After two weeks in the comforts of my home, where my mother still cooks us dinner every night (and does my laundry), where most nights are spent together watching movies, where I can sleep soundly knowing that my parents are there to take care of me, the thought of adulthood can become frightening. After so many years of always having someone else to take care of me, I am preparing to take the ultimate step into adulthood: marriage. Yes, I have played at being an adult for quite some time now- I have worked a full-time job and I have lived on my own- but as I prepare to get married, I have come to realize that this has been more play-acting at adulthood than reality. When I was short on cash, I was able to ask my parents for money, which they never expected back (unless it was a larger sum). When I had a long weekend with no classes, I was always able to go home. I have always been able to lean on my parents for support, and they have always allowed me to be a child.

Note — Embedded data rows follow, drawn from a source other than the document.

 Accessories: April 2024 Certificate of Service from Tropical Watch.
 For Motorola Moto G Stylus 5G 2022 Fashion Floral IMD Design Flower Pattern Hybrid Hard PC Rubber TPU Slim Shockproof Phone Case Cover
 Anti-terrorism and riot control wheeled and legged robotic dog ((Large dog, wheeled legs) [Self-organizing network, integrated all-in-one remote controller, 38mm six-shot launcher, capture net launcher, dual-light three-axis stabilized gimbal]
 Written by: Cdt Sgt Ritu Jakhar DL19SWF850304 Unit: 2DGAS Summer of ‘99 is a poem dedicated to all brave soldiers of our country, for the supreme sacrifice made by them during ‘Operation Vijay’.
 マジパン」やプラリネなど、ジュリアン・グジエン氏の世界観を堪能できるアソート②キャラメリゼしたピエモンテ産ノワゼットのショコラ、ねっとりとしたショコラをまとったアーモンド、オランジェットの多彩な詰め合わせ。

Even as I was playing in the adult world, I still wholeheartedly embraced my childhood. I was able to explore and slowly expand my world, knowing that if things became too difficult, I would always be able to return home. I would be able to start new, knowing that they could be risking another failure. When I decided to enter the convent, they let me drop out of school to do it immediately. When I decided to leave, they let me return home, even though I had no money in my bank account and only a few articles of clothing that I could call my own. And still they didn’t give up on me. They bought me new clothing, drove me to job interviews and work until I could get a car, and made sure that I always had enough to eat.
Yes, my parents were always thrilled to have me return to the nest (at least I think they were), but they also gave me the freedom to spread my wings and fly. They encouraged me to follow my heart, and also provided the safe haven that I might need if things did not go as I had hoped. I was never afraid to fly because I was never afraid to fall. I always knew that my parents would catch me.

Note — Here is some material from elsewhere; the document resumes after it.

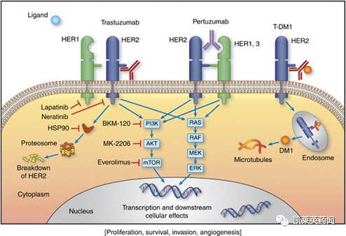 Her2在结构上属于开放式构象, 一直处于活化状态,且不具有可溶性特异配体。在正常细胞中Her2的表达水平极低, 但在胚胎发育期表达量很高, 可以自发形成同二聚受体或配体诱导形成异二聚受体, 触发信号转导网络对细胞的增殖、分化、发育、黏附及迁移起重要的调节作用。在10%~34%的乳腺癌、卵巢癌、胃肠道癌症和肺癌等多种癌症中都存在Her2基因扩增或过表达的现象, 特别是在乳腺癌中已是公认的预测因子和治疗靶点[1]。Her2高表达肿瘤表现出极强的迁移性和浸润性、化疗药物敏感性差、愈后差、易复发等特点。目前已上市针对Her2的靶向药物几十余种,在研种类包括小分子抑制剂、单克隆抗体、双特异抗体及抗体偶联药物(ADC)、细胞疗法、肿瘤疫苗等,显著提高了患者生存率及中位生存期,成为实体瘤治疗的典范。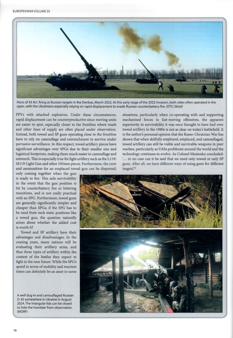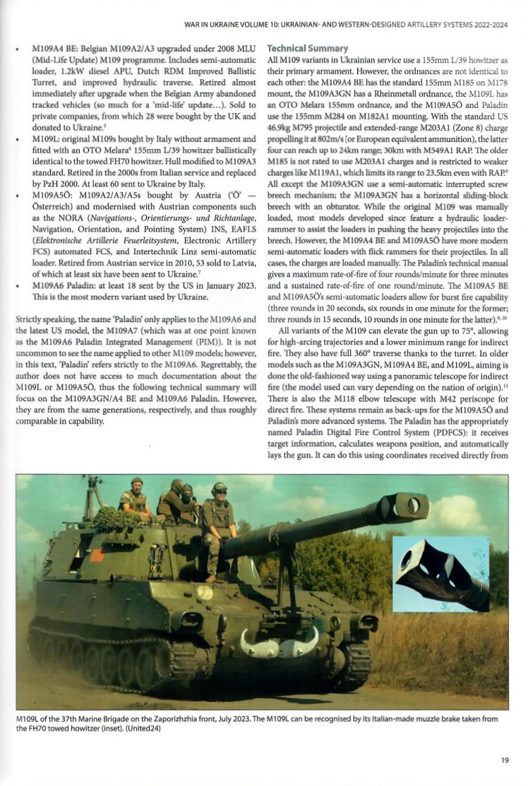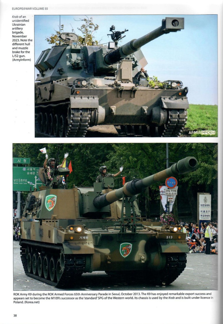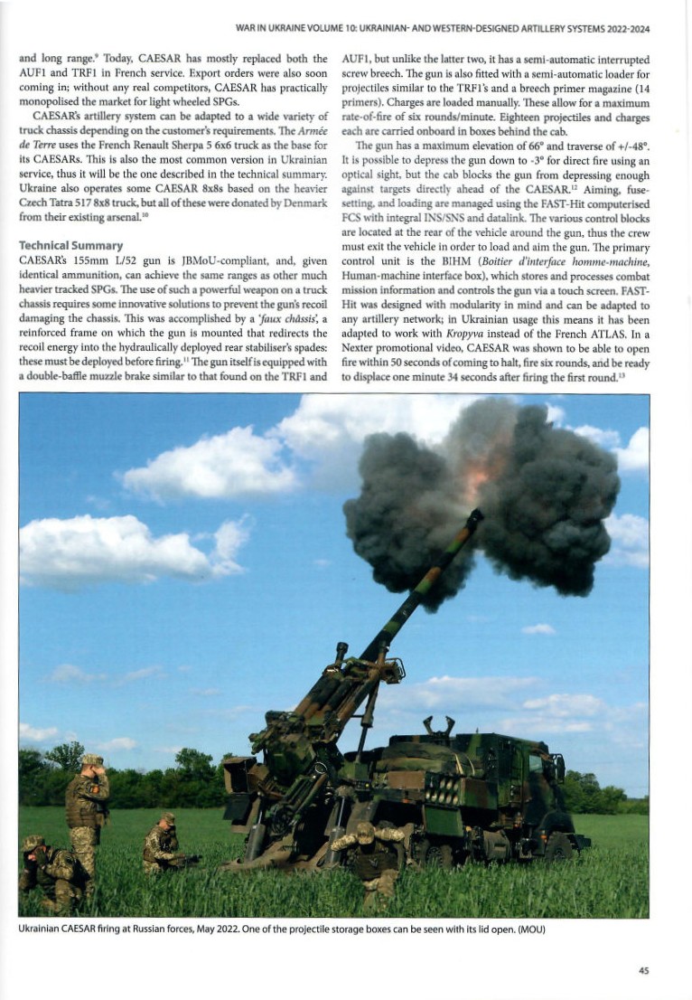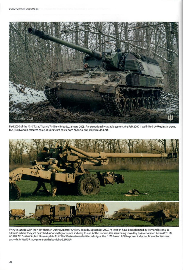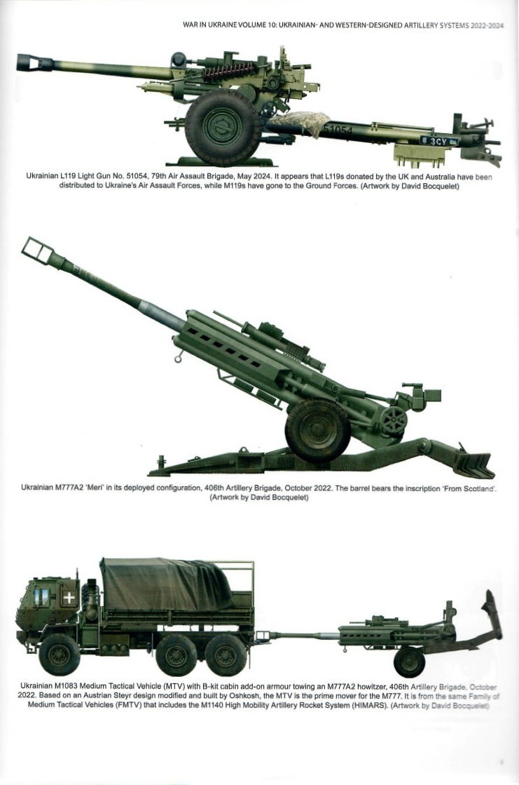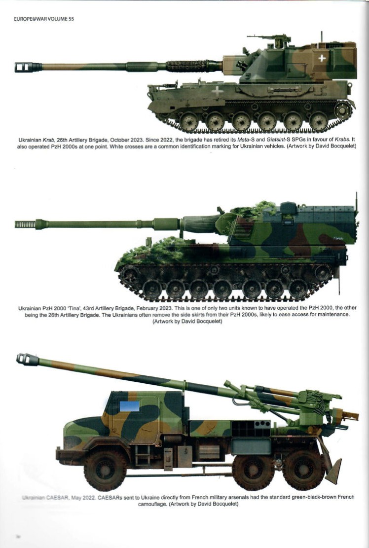 The M777 “Tripple Sevens”, or “Tri Sokiri” (‘Triple Axes’ – ‘7’ looks like an ax) as the Ukrainians refer to them, the M109 SPG (including M109A3GN, German M109Gs sold to Norway; М109А5Ö from Austria; and M109A6 Paladins from the US), German Panzerhaubitze 2000 SPG, British AS90 SPG, Polish Krab SPG (“Polonising” AS90 turrets with South Korean K9 chassis), French wheeled CAESAR (Camion Équipé d'un Système d'Artillerie, or "Truck equipped with an artillery system" in English), former Czechoslovakia DANA (both Czechia and Slovakia produce variants of this wheeled artillery system), and Swedish Archer wheeled SPG are covered in great detail, resplendent with detailed color photographs.

My life has been good, and I know that married life will be good as well. But it will also be different. I will have to make a lot of decisions on my own, and with Andrew. I will no longer have parents who can make major decisions for me, or else can provide me with a great deal of advice from their own experience. I will have to create my own experiences, make my own choices, take total responsibility for my actions. In less than five months, I will take flight one last time, knowing that if I fall, it will not be into my parents’ nest. It will be a nest of my own, a nest that I will share with my future husband.
The thought is just as exciting as it is terrifying. My life is going to change drastically, and change is not always easy. That being said, I can still rest easy knowing that I am not preparing to go off on my own; I am preparing to share my life with my best friend and the man of my dreams. Becoming an adult and getting married does not mean that you become completely independent. We are not autonomous individuals living on our own little islands that sometimes collide for a while before breaking apart and drifting in different directions. Andrew and I are not totally separate individuals, choosing to live our two lives side by side. When we marry, we will become one. The two shall become one, and I will not be alone. I can depend on Andrew. I can lean on him when I’m not strong enough, just as he can lean on me. We can support one another. I am not alone in this.

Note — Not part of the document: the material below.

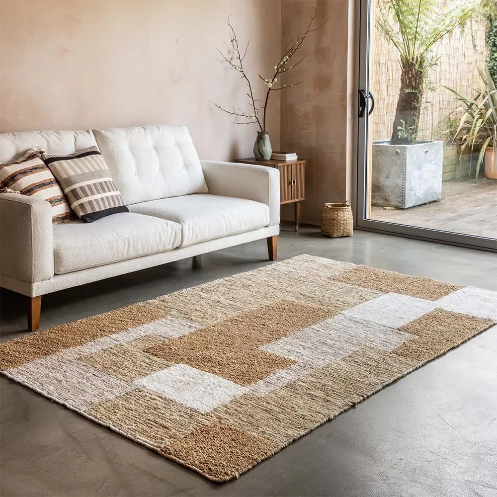 Our Kaya Jute Rug is inspired by the intricate craftmanship of the Tuareg people and their nomadic lifestyle. Traditional geometric and symbolic motifs have been crafted in earthy natural tones to create a textured rug to complement contemporary spaces. Perfect for both modern and traditional interiors, this rug will add warmth and character to your living space. Made from Jute This flatweave rug is crafted from sustainable Jute fibres, which is an incredibly durable and hardwearing material. Jute is made from a plant that grows in India where our rugs are made. Compared to other natural materials such as Sisal or Coir, Jute is soft under foot so you can walk comfortably on it without shoes, or sit on it. Its durable nature makes it suitable for high footfall areas. You don’t get any pilling on Jute rugs but you will see indentations on the rug where you have placed furniture on top. Flatweave Rugs Flatweave rugs tend to be thinner and lighter, so they have less profile if you need to open a door onto them with no obstruction. - Kaya Jute Flatweave Rug 170 X 240cm by Atkin And Thyme, W240 x D170 cm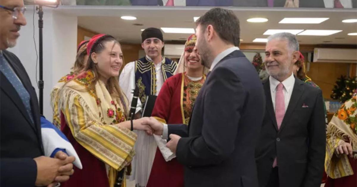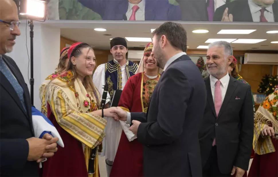 Ο κ. Ανδρουλάκης αντάλλαξε ευχές με τους χορευτές του συλλόγου και επαίνεσε την πρωτοβουλία τους.

And marriage will not divorce me from my family. Neither will adulthood separate me from them. When life gets rough, I know that I can still turn to my parents to help us. I know that they would never leave us in need when it is within their ability to help us. When I get married, my parents are not losing their daughter; they are gaining another son. Marriage multiplies love, expanding it in all directions. As I take this huge step into adulthood, I am gaining more people who love me and are loved by me, and my world is expanding further than I could have ever imagined. And it is an incredibly beautiful world.
So as the days count down and my impending nuptials grow closer, I find myself asking many questions. What kind of wife will I be? What kind of mother? Not every question can be answered right now, but I know this much: I want to be like my mother. It is the only way that I know how to really thank her. It is the only way that I know how to thank both of my parents for everything that they have done for them. If I can be half the mother and wife that my mother has been, I will be content. I am just so grateful that I have had such wonderful examples of what it means to be a spouse and parent, what it means to love, to serve, and to forgive. My parents are the best teachers that I could have ever asked for.
Mary Help of Christians, pray for us!